Waldemar Sobota: To marzenie dla każdego, aby być w fazie grupowej

W czwartek piłkarze Śląska Wrocław w pierwszym meczu IV rundy eliminacji do Ligi Europejskiej zmierzą się z Rapidem Bukareszt. - W IV rundzie już nie ma łatwych rywali - powiedział w rozmowie z portalem SportoweFakty.pl Waldemar Sobota, skrzydłowy WKS-u.

Artur Długosz
Artur Długosz

- Wiem, że jest dla Śląska historyczny mecz. Od 30 lat to najważniejsze spotkanie dla klubu. To marzenie dla każdego, aby być w fazie grupowej. My postaramy się, żeby tak było - powiedział w rozmowie z portalem SportoweFakty.pl Waldemar Sobota. W czwartek bowiem piłkarze Śląska Wrocław rozegrają pierwsze spotkanie z Rapidem Bukareszt. Zwycięzca dwumeczu awansuje do fazy grupowej Ligi Europejskiej.

- W IV rundzie już nie ma łatwych rywali. Teoretycznie mówi się jednak, że Rapid jest łatwy, bo mogliśmy trafić na lepszych. Zagramy jednak z Rapidem, wiemy, że jest to bardzo doświadczona drużyna. Pięciu, sześciu zawodników z tego zespołu w swojej przeszłości grało w dobrych ligach. To trudny rywal, ale postaramy się mu przeciwstawić - wyjaśnia skrzydłowy WKS-u.

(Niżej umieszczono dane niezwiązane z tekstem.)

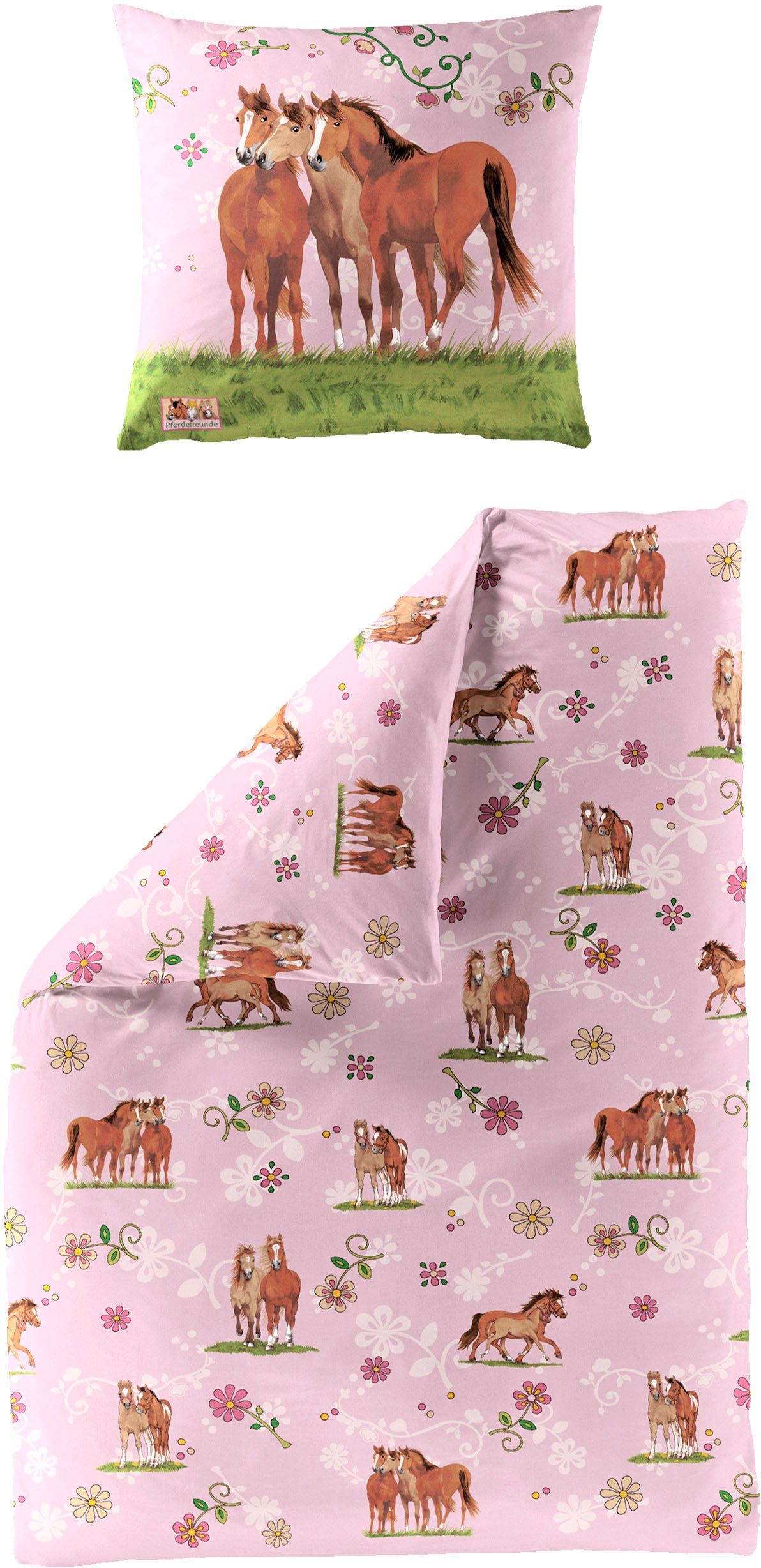 Pferdefreunde Kinderovertrekset Paarden Renforcé, 100% katoen, paardenvrienden, gemakkelijk in onderhoud (2-delig)

Do tej pory poprzedni rywale Śląska w europejskich rozgrywkach we Wrocławiu murowali bramkę i liczyli na kontry. Czy tak będzie i tym razem? - Ciężko powiedzieć jak oni się zaprezentują. Grają dużo piłką - to wiadomo. My postaramy się zagrać na miarę swoich możliwości. Jeżeli zagramy na swoim stałym poziomie to myślę, że jesteśmy w stanie ich tutaj pokonać - zaznacza Sobota.

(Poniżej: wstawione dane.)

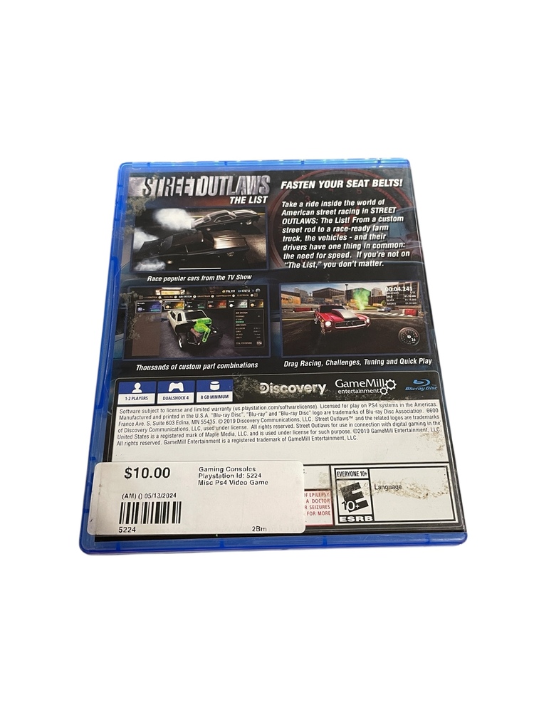 Playstation 4 disc game. Street Outlaws: The List

- Myślę, że jesteśmy dobrze przygotowani do sezonu. Widać to po tych pierwszych meczach, które wygraliśmy w tym sezonie - nie tylko w pucharach, ale także i w lidze. Nie przegrywamy, a co więcej w części z nich odnieśliśmy zwycięstwa. Mam nadzieję, że teraz też tak będzie - podsumował piłkarz drużyny Oresta Lenczyka.